SUPPLIED RECORDS:
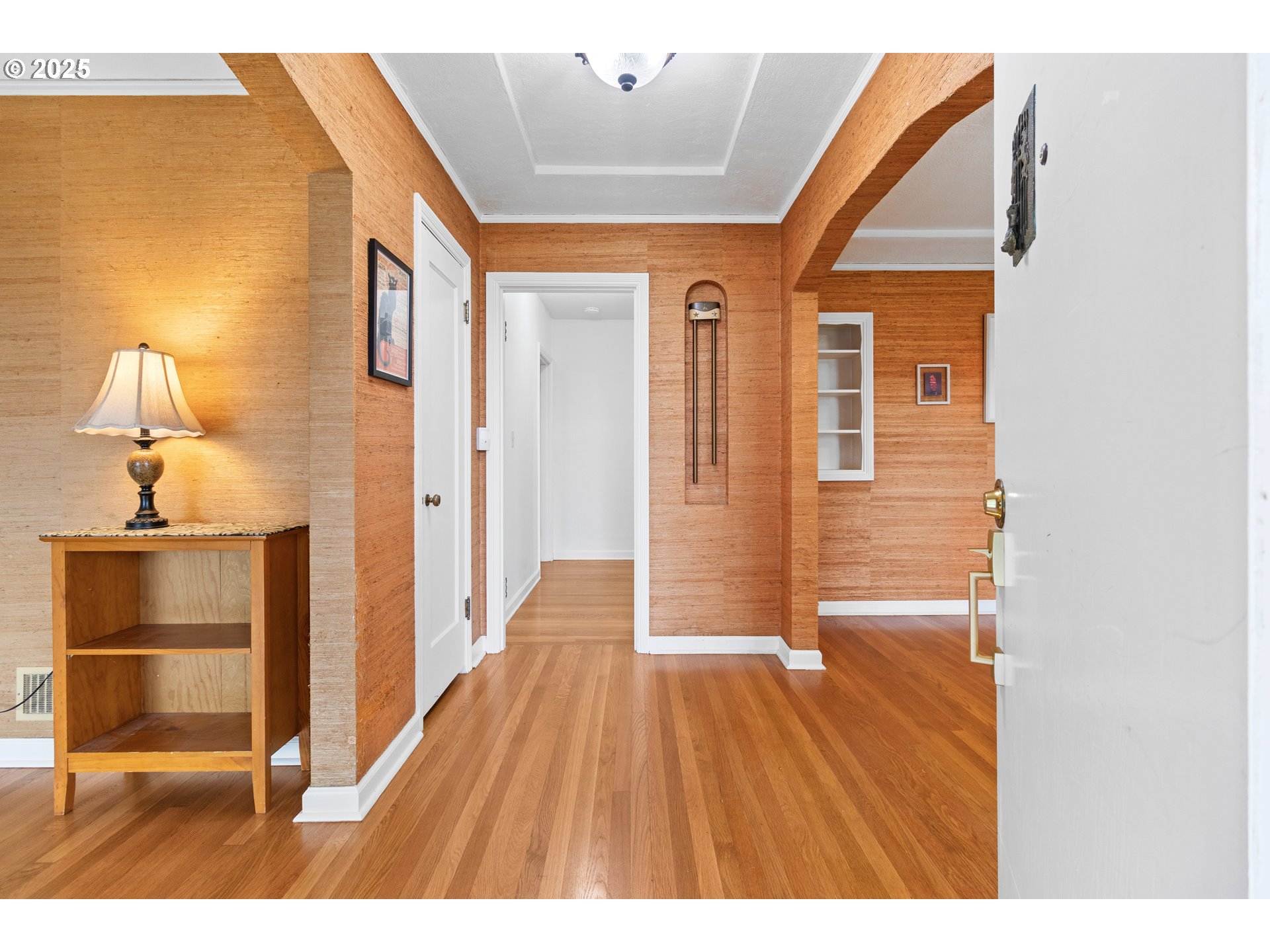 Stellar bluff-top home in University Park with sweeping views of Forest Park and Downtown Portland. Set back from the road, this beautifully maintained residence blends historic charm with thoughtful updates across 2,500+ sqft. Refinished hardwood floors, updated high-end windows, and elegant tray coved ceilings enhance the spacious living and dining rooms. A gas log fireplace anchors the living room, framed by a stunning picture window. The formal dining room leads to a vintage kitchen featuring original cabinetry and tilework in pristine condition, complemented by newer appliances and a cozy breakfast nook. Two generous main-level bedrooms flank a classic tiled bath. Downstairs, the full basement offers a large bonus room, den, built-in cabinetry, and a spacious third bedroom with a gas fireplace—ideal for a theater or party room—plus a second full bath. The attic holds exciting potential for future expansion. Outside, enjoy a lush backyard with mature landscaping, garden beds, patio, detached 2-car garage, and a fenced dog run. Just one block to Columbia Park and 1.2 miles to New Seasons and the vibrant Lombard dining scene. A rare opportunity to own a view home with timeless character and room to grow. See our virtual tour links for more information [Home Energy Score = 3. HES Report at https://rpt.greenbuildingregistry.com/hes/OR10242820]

--

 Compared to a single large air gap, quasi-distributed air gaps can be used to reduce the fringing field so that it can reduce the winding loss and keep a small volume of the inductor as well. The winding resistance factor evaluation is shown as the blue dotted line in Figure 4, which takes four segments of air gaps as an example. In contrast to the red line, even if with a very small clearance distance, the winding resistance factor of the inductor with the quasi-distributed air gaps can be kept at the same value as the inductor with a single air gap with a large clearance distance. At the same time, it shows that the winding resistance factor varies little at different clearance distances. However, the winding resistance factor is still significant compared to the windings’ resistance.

---

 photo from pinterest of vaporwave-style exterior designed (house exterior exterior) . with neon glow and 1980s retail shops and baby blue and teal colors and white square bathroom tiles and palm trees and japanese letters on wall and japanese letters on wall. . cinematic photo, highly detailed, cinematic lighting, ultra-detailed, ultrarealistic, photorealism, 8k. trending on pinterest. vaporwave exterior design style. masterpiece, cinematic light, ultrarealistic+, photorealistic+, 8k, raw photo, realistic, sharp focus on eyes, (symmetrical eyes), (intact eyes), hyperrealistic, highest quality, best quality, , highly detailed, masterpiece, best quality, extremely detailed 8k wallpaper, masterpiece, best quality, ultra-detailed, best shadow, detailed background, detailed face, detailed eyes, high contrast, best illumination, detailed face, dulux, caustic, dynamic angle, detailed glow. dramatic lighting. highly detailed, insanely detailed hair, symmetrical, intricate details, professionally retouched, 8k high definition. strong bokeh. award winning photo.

EXERCISE DESCRIPTION: Copy out, from the material above, each line in which the string "blue" is found.

TASK ANSWER:
 Compared to a single large air gap, quasi-distributed air gaps can be used to reduce the fringing field so that it can reduce the winding loss and keep a small volume of the inductor as well. The winding resistance factor evaluation is shown as the blue dotted line in Figure 4, which takes four segments of air gaps as an example. In contrast to the red line, even if with a very small clearance distance, the winding resistance factor of the inductor with the quasi-distributed air gaps can be kept at the same value as the inductor with a single air gap with a large clearance distance. At the same time, it shows that the winding resistance factor varies little at different clearance distances. However, the winding resistance factor is still significant compared to the windings’ resistance.
 photo from pinterest of vaporwave-style exterior designed (house exterior exterior) . with neon glow and 1980s retail shops and baby blue and teal colors and white square bathroom tiles and palm trees and japanese letters on wall and japanese letters on wall. . cinematic photo, highly detailed, cinematic lighting, ultra-detailed, ultrarealistic, photorealism, 8k. trending on pinterest. vaporwave exterior design style. masterpiece, cinematic light, ultrarealistic+, photorealistic+, 8k, raw photo, realistic, sharp focus on eyes, (symmetrical eyes), (intact eyes), hyperrealistic, highest quality, best quality, , highly detailed, masterpiece, best quality, extremely detailed 8k wallpaper, masterpiece, best quality, ultra-detailed, best shadow, detailed background, detailed face, detailed eyes, high contrast, best illumination, detailed face, dulux, caustic, dynamic angle, detailed glow. dramatic lighting. highly detailed, insanely detailed hair, symmetrical, intricate details, professionally retouched, 8k high definition. strong bokeh. award winning photo.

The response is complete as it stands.